The 20-year war in Northern Uganda was traumatizing. Many of us suffered horrific atrocities and tragic family losses, displacement from our ancestral villages, and overcrowded camp conditions. Some were abducted and forced to become child soldiers. Some received psychosocial support services. Many did not. Such support services are still needed. Additional factors create challenges including various elements of modernity, the continued deterioration of our cultural values, domestic violence, HIV/AIDS, youth unemployment, illiteracy, malnutrition, food insecurity, deforestation, drought, natural disaster, diseases, alcoholism and depression, the recent Covid 19 pandemic, the soaring cost of living and damage to ecosystems and climate change.
Hostilities ceased in 2006, and by 2008, most displaced families resettled back to their ancestral villages or in town. Determined to continue his education, Simon through the support of a benefactor was taken to Bweyale where he completed his primary and high school education, performing well. One day he survived burning in a tobacco house from fire at night. He did menial labour at people’s farms and tobacco gardens during school breaks and weekends to make ends meet. Again, the generous support from his Church saw him complete his High School where he studied a subject combination of History, Economics, Geography, and Fine Art.
Simon honed his leadership skills, serving as a prefect in charge of religious affairs. He then enrolled at Gulu University and earned a BA. Education. Upon graduation, Simon served for four years as a Head teacher at Archangel Michael Orthodox Secondary School where he registered unmatched success. Along with his dedicated teams of teaching staff, he made sure the young school was licensed and accredited by the Ministry of Education and Sports with an examination center in its name, hence allowing candidates who were in their final years to sit the national examinations with confidence. The student’s enrollment also exponentially increased from 115 to 600 students by the time he left the school in 2015.
As Simon was pondering his next move, a friend and prominent missionary to Uganda from the U.S.A. named Sue Nelson entered his life once again. Sue had met Simon in 2008 as her translator and subsequently sponsored his undergraduate education at Gulu University. With the blessings and recommendation of His Eminence Metropolitan late Archbishop Jonah Lwanga Metropolitan of Kampala and All Uganda by that time, Simon Menya was accepted at St. Vladimir’s Orthodox Theological Seminary in New York. Now, Lift Up Uganda (Sue Nelson’s nonprofit) sponsored Simon to complete seminary to prepare for his lifelong dream of being a priest. He graduated in 2019 from St. Vladimir’s Orthodox Theological Seminary, Master of Divinity and was ordained a priest. While at the seminary, Fr. Simon struck a lasting friendship with the seminary president, Rev. Fr. Chad Hatfield who later visited Fr. Simon in Uganda. He also made a strong bond with Dr. Albert Rossi a clinical Psychologist at the seminary who had a strong impact in Fr. Simon’s progress and completion of seminary studies. A few weeks after Simon had returned to Uganda, his father passed away.
Nevertheless, Fr. Simon’s dreams never faded away. Instead, the tragedies bolstered him. Fr. Simon kept alive the dreams he had developed while on a seminary OCMC mission visit to Guatemala organized by his spiritual Father and mentor, the Rev. Fr. Chad. While there, Fr. Simon witnessed first-hand how the people of Guatemala use whatever little resources they have in their possession to sufficiently develop with a burning desire in his heart and full of ideas, Fr. Simon copied the Guatemala style and hit the ground running by duplicating what he saw.

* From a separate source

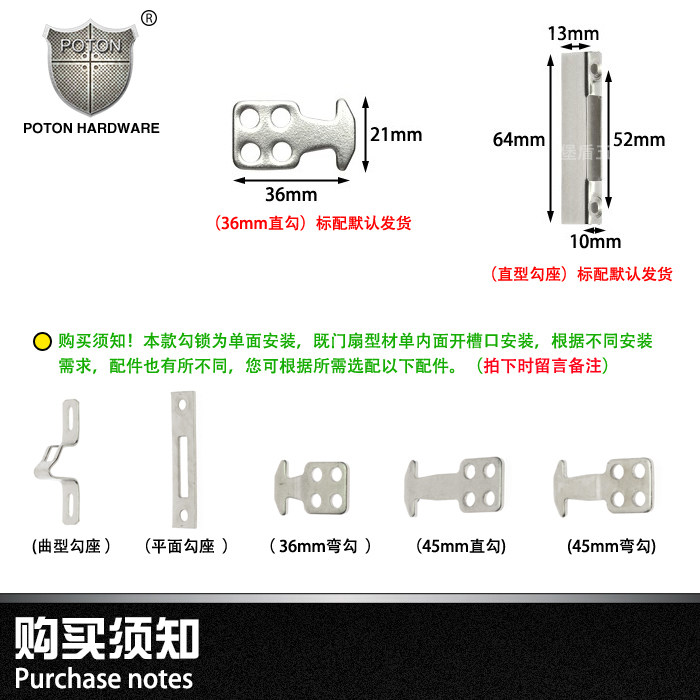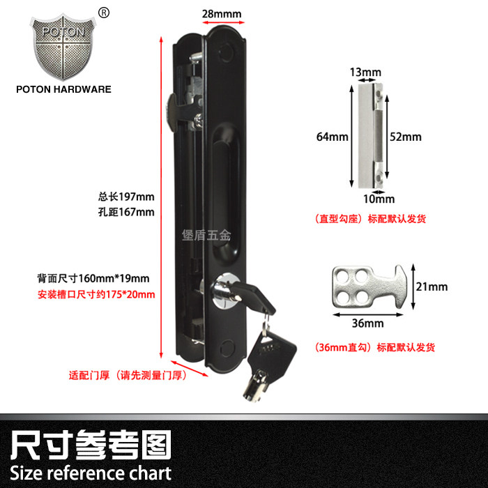Stainless steel bifacial hook lock balcony Living room floor aluminium alloy window door moving door hook lock bar lock with key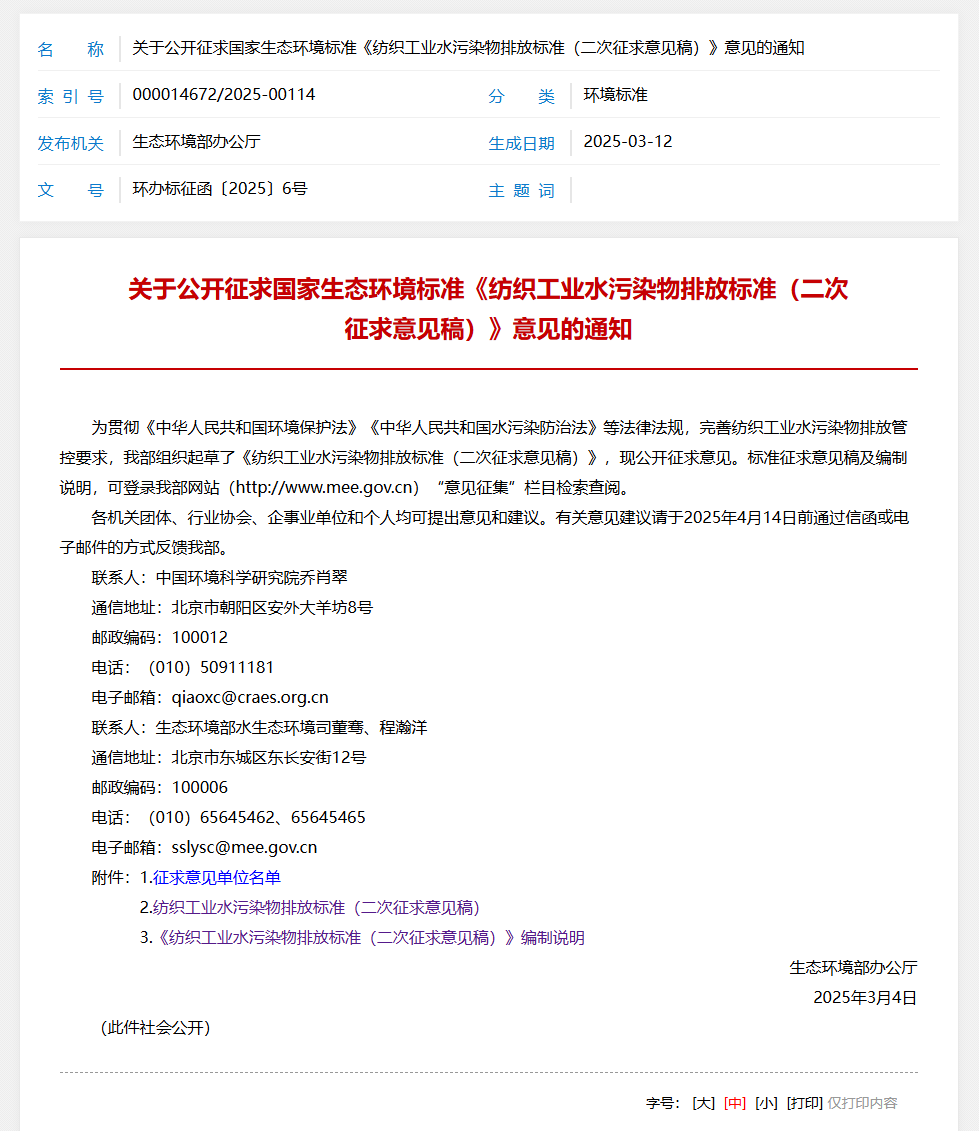 日前,為為貫徹《中華人民共和國環(huán)境保護(hù)法》《中華人民共和國水污染防治法》等法律法規(guī),完善紡織工業(yè)水污染物排放管控要求,生態(tài)環(huán)境部起草了《紡織工業(yè)水污染物排放標(biāo)準(zhǔn)(二次征求意見稿)》,現(xiàn)公開征求意見。

With financial assistance from his networks in the U.S.A like the 10% tithe from St. Vladimir’s Theological Seminary, and other partners, he mobilized like-minded youth in Acholinyek village and began initiating youth-led and community projects such as brick-making, communal farming, beekeeping, pig farm, clinic construction, village savings and credit union, small library development, and income-generating activities. This was the birth of the Northern Uganda Self-Sufficiency Project as a community-based organization.
Simon, the little boy who once survived the LRA kidnap is now a teacher, role model, mentor, priest, family man with three children, and a loving wife. Fr. Simon has continued to extend his helping hands to his extended families, orphans and vulnerable children, and the Acholinyek community at large. In addition to his pastoral responsibilities under His Grace Bishop Nektarios Kabuye, Fr. Simon Menya serves as the Executive Director of the Northern Uganda Self-Sufficiency Project.